I see this pattern constantly. A team reads the Cloud Adoption Framework, follows the landing zone reference architecture, deploys hub and spoke with Azure Firewall Standard sitting in the middle, and calls it done. Six months later they're wondering why their networking line item keeps climbing and their spoke to spoke latency is worse than it should be.

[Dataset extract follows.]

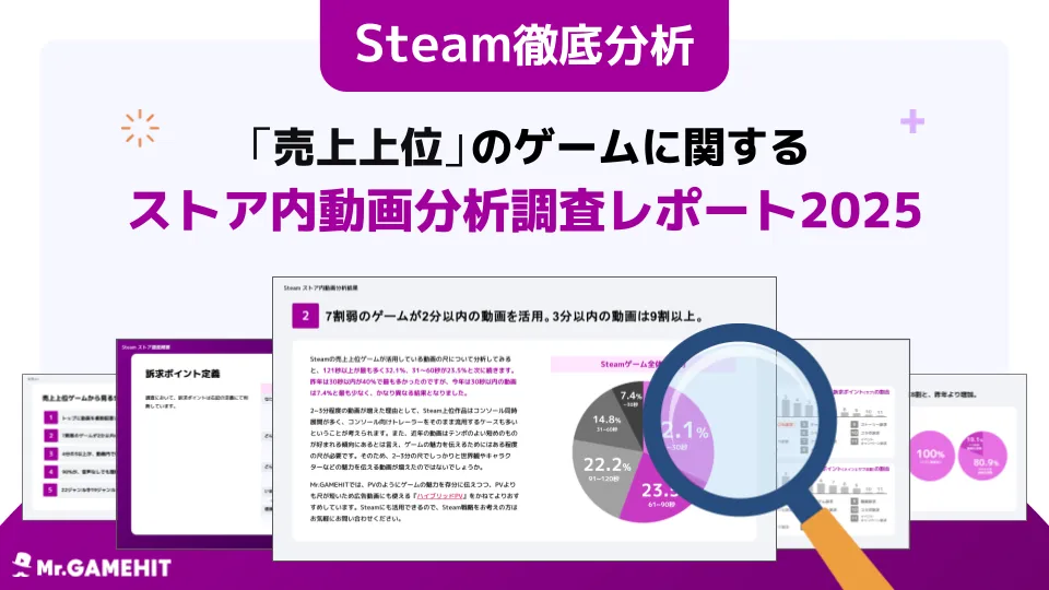 以上が2025年のSteamストア動画分析調査の主なポイントです。ホワイトペーパー本編では、さらに詳しいジャンル分析や個々のゲーム関連のデータも無料で公開されているので、興味のある方はぜひダウンロードしてみてください。

Here's the deal. Hub and spoke is a good pattern. It's not the right pattern for every organization, and it's definitely not the right pattern at the scale most teams deploy it.
The "best practice" trap
Microsoft's Cloud Adoption Framework recommends hub and spoke as the default networking topology for Azure landing zones. The reference architecture puts Azure Firewall in the hub for centralized traffic inspection. For large enterprises with regulatory requirements around deep packet inspection, threat intelligence filtering, and centralized egress control, that architecture makes sense.
But most of the environments I walk into aren't large enterprises with those requirements. They're organizations running 5 to 20 spoke VNets, hosting internal line of business applications, with maybe one or two public facing workloads behind Application Gateway. Their security needs are real, but they don't require Layer 7 inspection on every packet moving between spokes.

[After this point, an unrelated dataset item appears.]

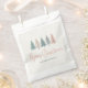 Bolsa de favoritas de vacaciones con árboles de Navidad pastel y escritura moderna y elegante.

The problem is that "best practice" gets treated as "only practice." Teams deploy Azure Firewall Standard because the reference architecture shows it, not because they've evaluated whether their traffic patterns actually need it. And once it's deployed, nobody questions the $912/month fixed cost because it's "infrastructure."
What Azure Firewall Standard actually costs you
Let's break the numbers down so this isn't abstract.

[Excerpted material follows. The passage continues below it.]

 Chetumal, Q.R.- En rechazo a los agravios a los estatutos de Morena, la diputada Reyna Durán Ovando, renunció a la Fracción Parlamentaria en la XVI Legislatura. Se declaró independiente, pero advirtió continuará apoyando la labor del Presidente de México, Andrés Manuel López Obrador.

Azure Firewall Standard charges $1.25/hour for deployment. That's a fixed cost whether you're pushing 1 GB or 1 TB through it. That comes out to roughly $912/month or $10,944/year just to have it running.
On top of that, you pay $0.016/GB for data processing. If you're pushing 500 GB/month of spoke to spoke traffic through the firewall, that's another $8/month. The data processing cost is almost negligible compared to the deployment cost, which makes the fixed cost the real issue.
Now compare that to NSGs, which are free. No deployment cost. No per GB charge for the NSG itself. You'll still pay VNet peering costs if traffic crosses VNets (about $0.01/GB per direction for same region peering), but that's pennies compared to the firewall's fixed overhead. They operate at Layer 3 and 4, handling IP and port based allow/deny rules. For east west traffic between spokes where you just need to control which subnets can talk to which services on which ports, NSGs do the job.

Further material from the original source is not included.